Staying Sharp-Remaining Employable

How will you deal with the doldrums of your career? When work gets boring, automatic and you’re better playing Angry Birds at your desk than actually getting things done.

After reading some passages about staying employable and some things you can do to keep your productivity up, I think blogging about staying sharp might fit well on this lovely Sunday.

It should be no surprise to you that you may eventually face boredom at work. The boredom I speak of however is different from the monotonous task of feeding more paper into the printer. I’m talking the boredom that strikes the moment you’ve put your lunch in the community refrigerator for the day. The one that yells “THERE HAS GOT TO BE MORE THAN THIS!”…I suspect the midlife crisis might be spurred on by these cries of boredom.

When you get bored, or don’t feel challenged enough, you begin down a path of lower productivity. In the competitive environments we work in these days, that slip in productivity can be the difference between your paycheck and a pink slip.  The good news is that you can fix this quickly with a little bit of planning and maybe a cup of Joe…


If you are in the profession YOU chose and were once happy with (I am aware of the size of this assumption), then you must try and remember that you once found joy in challenging yourself with the new information and workflows. What bores you now is likely what interested you in the past. Your new task is to dig deep and pull up your desire of personal growth. I’m talking keeping yourself current and sharp.

Find something that still interests you about your job, maybe in the slightest even, and seek to find more information about that. Look for opportunities in workflow to work with that particular item. Feel free to speak with your manager and see if there are any opportunities for you to try something new or maybe lend a hand on a project you weren’t assigned to.

Many companies also offer what I call “After-School Activities” for the corporate worker. Things like, Male and Female specific organizations as well as other opportunities to help in the community while still carrying your company’s brand.

The point is to find something that interests you and seek it out just like you used to in your career.
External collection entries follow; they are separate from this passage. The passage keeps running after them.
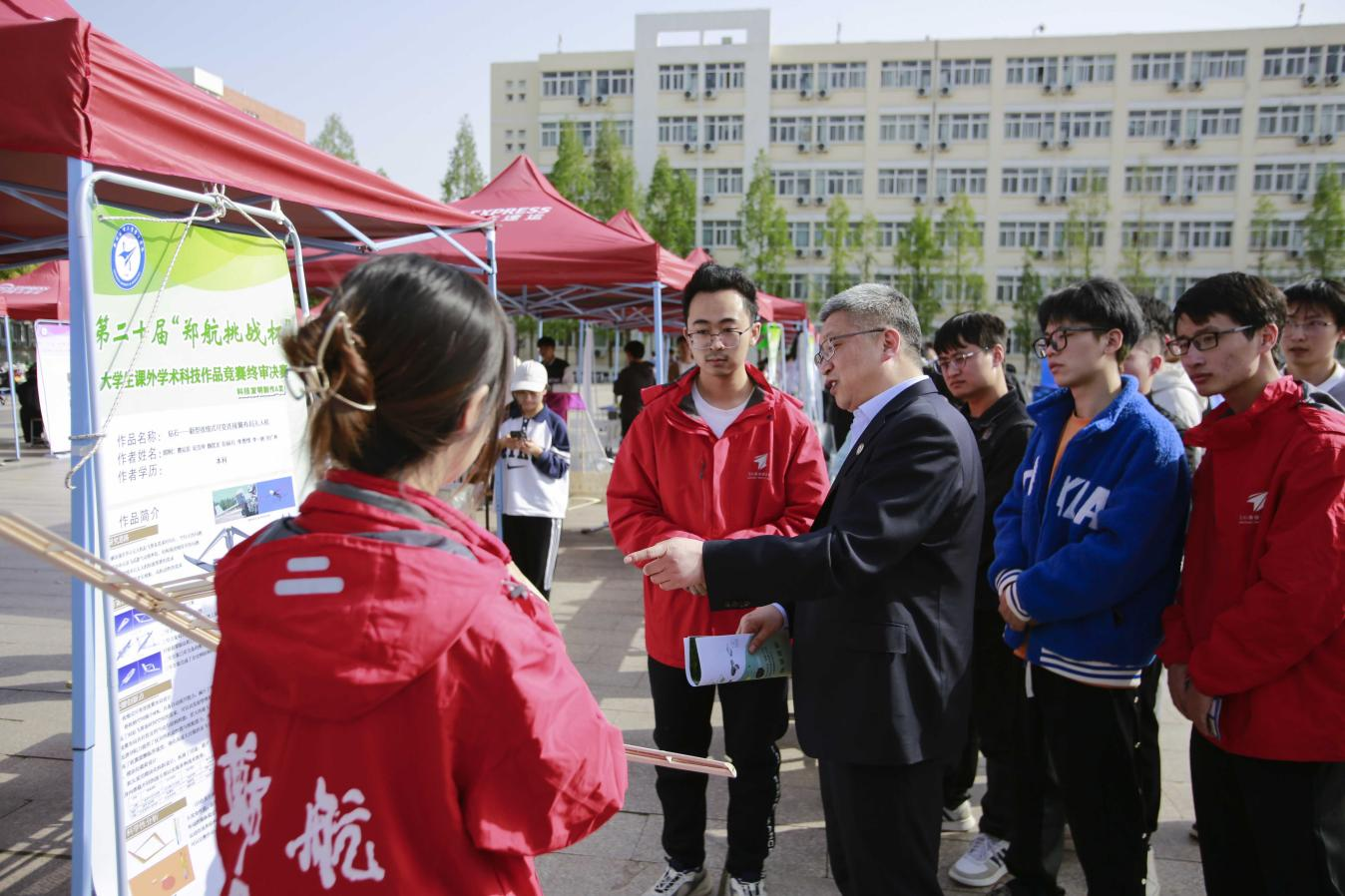 刘代军、杨培和主办承办单位负责人共同为决赛揭幕,随后来到展示区观看并指导参赛作品。据了解,这是“郑航挑战杯”首次举办的大规模室外展示,吸引了众多师生观摩交流。
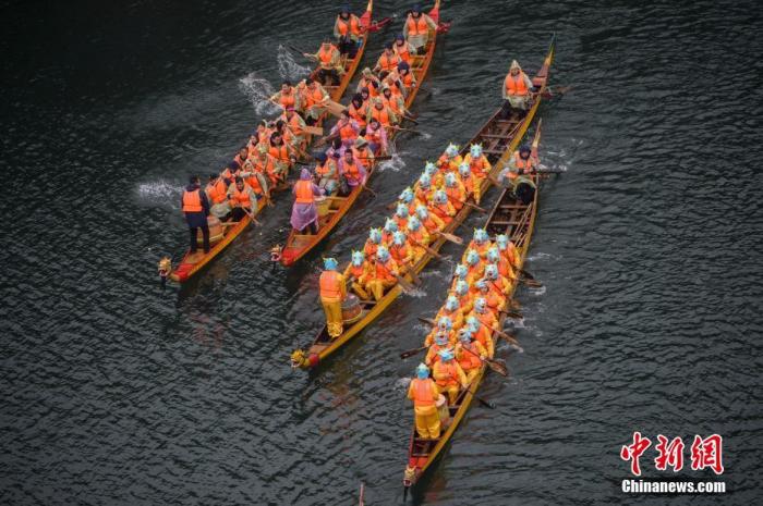 資料圖:正值農(nóng)歷二月初二,湖南長(zhǎng)沙石燕湖舉行“龍?zhí)ь^”龍舟賽。楊華峰 攝
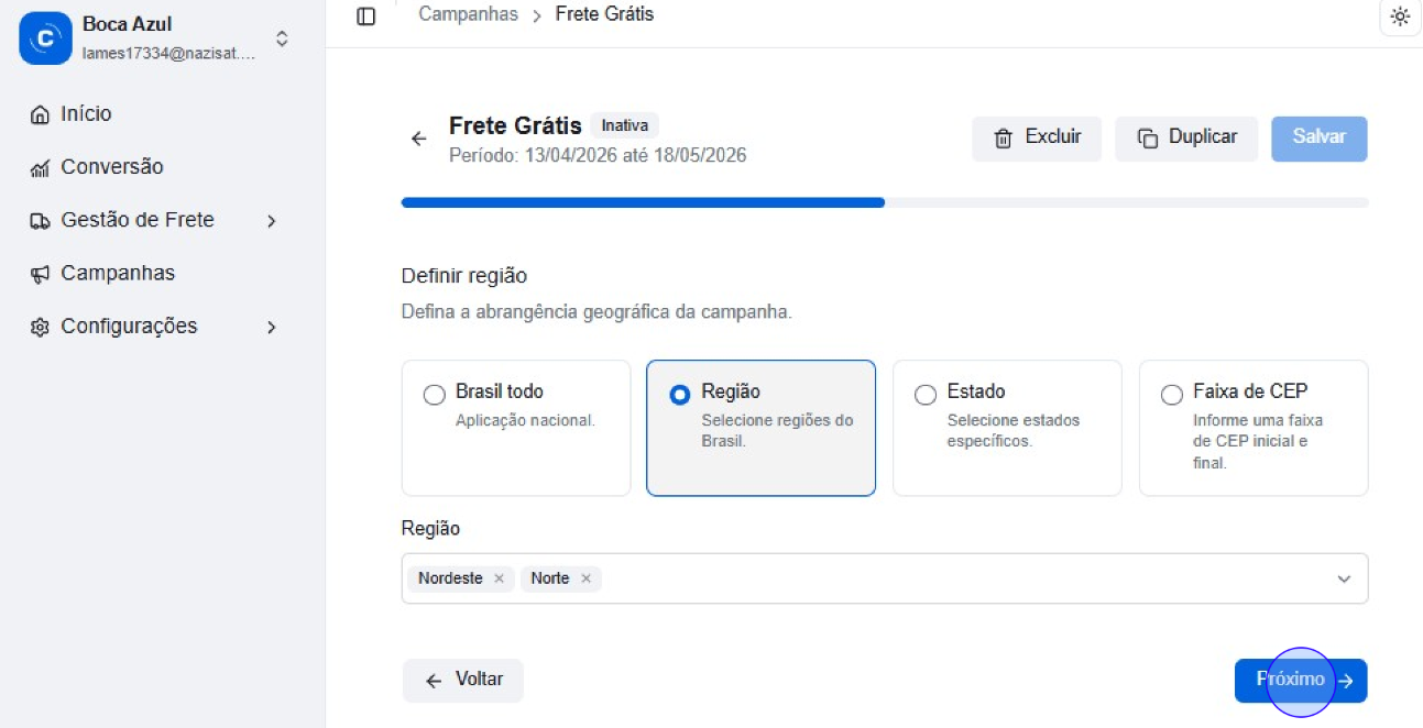 | ⚠️Atenção a conflitos: Se você tiver outra campanha ativa com uma regra sobreposta (ex: uma campanha para o Nordeste e outra para o estado da Bahia ao mesmo tempo), isso pode gerar conflito e impedir que ambas funcionem. Sempre revise as campanhas ativas antes de salvar. |
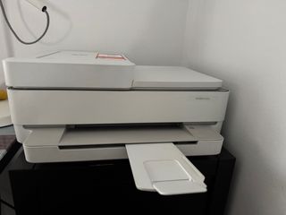 Stampante multifunzione HP Envy 6032 in bianco e grigio con funzione di scanner. Include tutti i cavi e tutto il necessario.
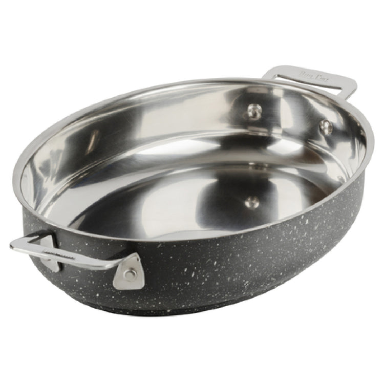 The Bon Chef 60019GALAXY HotStone Cucina Au Gratin is an exceptional culinary tool with a generous 48 oz. capacity, ideal for serving gourmet baked dishes. Measuring 9-5/8" x 7-11/16" x 2-1/4" H, this oval dish combines style and practicality, making it a perfect choice for upscale dining establishments. It features two 1-1/8" square handles, providing a secure grip for easy handling. Designed for versatility, it is oven-safe up to 375°F, allowing chefs to achieve perfectly baked au gratin dishes. The induction bottom ensures compatibility with various cooking surfaces, enhancing its functionality in diverse kitchen settings. Constructed from 18/8 stainless steel, the Bon Chef 60019GALAXY ensures durability and a sleek appearance, fitting seamlessly into any professional kitchen environment. Its robust design and high-quality materials make it a favored choice among chefs who value precision and reliability. The HotStone Cucina Au Gratin is part of the Galaxy line, representing a blend of innovation and tradition in cookware. Its technical specifications make it suitable for a wide range of culinary applications, from high-end restaurants to catering services, offering a unique value proposition for professionals seeking both performance and aesthetics in their cookware.
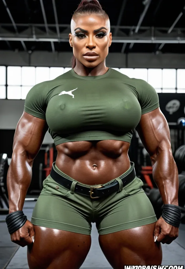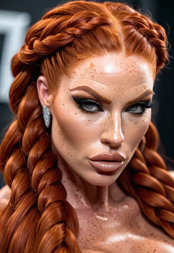 Generate Gorgeous female boss , bimbo , hourglass body , abnormally massive female bodybuilder , gorgeous , close up , full lips , big booty , redheaded , freckles on face and breast , braided design hair , feminine silhouette , too big breast , big booty , sexy thighs abs , silhouette , up close , flexing biceps , beautiful green eyes , legs are iconic and defining physical feature , both visually and in terms of combat ability.wearing an outfit that is a striking blend of elegance , power , and femininity , designed to command attention in any room. The suit is tailored to perfection , hugging the wearer’s curves with precision while emphasizing a structured silhouette. The fabric itself is a refined grey tweed patterned with subtle white grid lines , giving the suit a texture that feels both sophisticated and modern. The blazer features broad blue lapels and gold button accents , adding a luxurious touch that elevates the look beyond typical business attire. The matching high-waisted trousers elongate the frame , further enhancing the poised and commanding effect of the ensemble.The styling choices amplify the boldness of the suit. The inner blouse is a silky , greybutton-down shirt that complements the tweed’s tone while introducing a softer , feminine balance to the sharp tailoring of the jacket. The blouse peeks out neatly from under the blazer , maintaining elegance without drawing focus away from the suit’s commanding cut. Accessories are kept minimal yet intentional: a delicate layered gold necklace and hoop earrings that add glimmers of light and luxury without overpowering the outfit. The choice of voluminous , honey-brown braids cascading down her shoulders frames the face with both confidence and glamour , completing the commanding visual.Altogether , this look communicates a blend of authority and allure. It is business-ready yet fashion-forward , balancing corporate structure with vibrant femininity. The color palette blue , grey and gold avoids being overly delicate , instead embracing the richness of texture , structure , and presence. This is the kind of ensemble that speaks to ambition , sophistication , and personal style—ideal for someone who thrives in positions of influence but insists on expressing her individuality with bold elegance. It’s not just clothing—it’s a statement of power wrapped in grace. In luxury living legs that could crush a watermelon , skirt high boots are a bold and striking statement piece , crafted in glossy black patent leather that gives them a sleek , polished finish. Rising to just below the knee , the boots feature three adjustable buckle straps along the shaft , adding both edge and detail to their design. The towering stiletto heel , paired with a thick platform sole , creates an ultra-dramatic silhouette that elongates the leg and exudes power and confidence. With their combination of shine , height , and structure , these boots perfectly balance fierce femininity with high-fashion allure. Massive breast , massive cleavage , Up close shot , satin house robe. ,
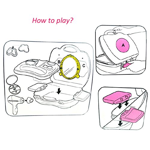Specification. Vanity case size : 9.4 x 3.9 x 8.7 inch. Hair Dryer, comb, brush, hairpin etc. All the thing is finished and the only thing your little angel needs to do is open this case to play.

By doing this, the most immediate effect is going to be a change in your schedule. This change can breathe refreshing life into your career. You may now have to juggle your personal and a work schedule differently now…sometimes that alone is enough to make you notice the challenge in your work again. Your time management skills are tested yet again.

If you’ve been unable to find “outside-work” opportunities, have no fear! Again, speak with your manager and seek out more training options. He’ll be happy because he’ll have a higher skilled worker with higher productivity than before. You’ll be happy because you’re adding more portable skills to your bag’o’ career tricks and tips. It’s a win-win! This self-improvement can enable you to see dimensions of your normal day-to-day that you wouldn’t have otherwise seen. You may even begin to see that a real change of scenery is exactly what you need. Hell, the Bureau of Labor Statistics states that you work 54% of your day! Why would you want that time to be spent with something boring and meaningless?

Staying sharp also has the benefit of knowing what might be coming your way. By staying current in your field, you may be able to seek out new, innovative ideas that can help you find a new love for your company simply by letting your creative juices flow.

Stay open and positive about your career and always seek to find new information. For new professionals, taking this stance can safeguard against ever hitting the work doldrums and can help set you up for success along every stop in your career. For seasoned professionals, this stance can breathe new life into an old job, open up brand new areas of interest and help you connect with the younger people coming into the organization.


2 thoughts on “Staying Sharp-Remaining Employable

  1. rifflere January 15, 2014 / 12:04 am

    I’m hardly at the point in my career where work has become so simple as to seem boring, but I still think this is relevant and sage advice. As my incipient career starts to unfold, I am filled with hope, enthusiasm, optimism. I treasure these moments while everything is new and store them up for the doldrums ahead. I think part of remedying boredom is being prepared in advance. What can I do at this point in my career that will help me hold onto and preserve what inspires me?


    • cappeldt January 15, 2014 / 8:35 am

      rifflere, thank you for the comment!

      I really agree with your point about safeguarding against boredom by staying prepared ahead of time!

      Since you seem fresh in your career track my advice would be to search for the things you currently do that you have the most interest in. When you narrow those down, have a look at which ones seem to have the most promise for the future and then seek to educate yourself as best you can in the emerging uses and changes you will project in that particular item.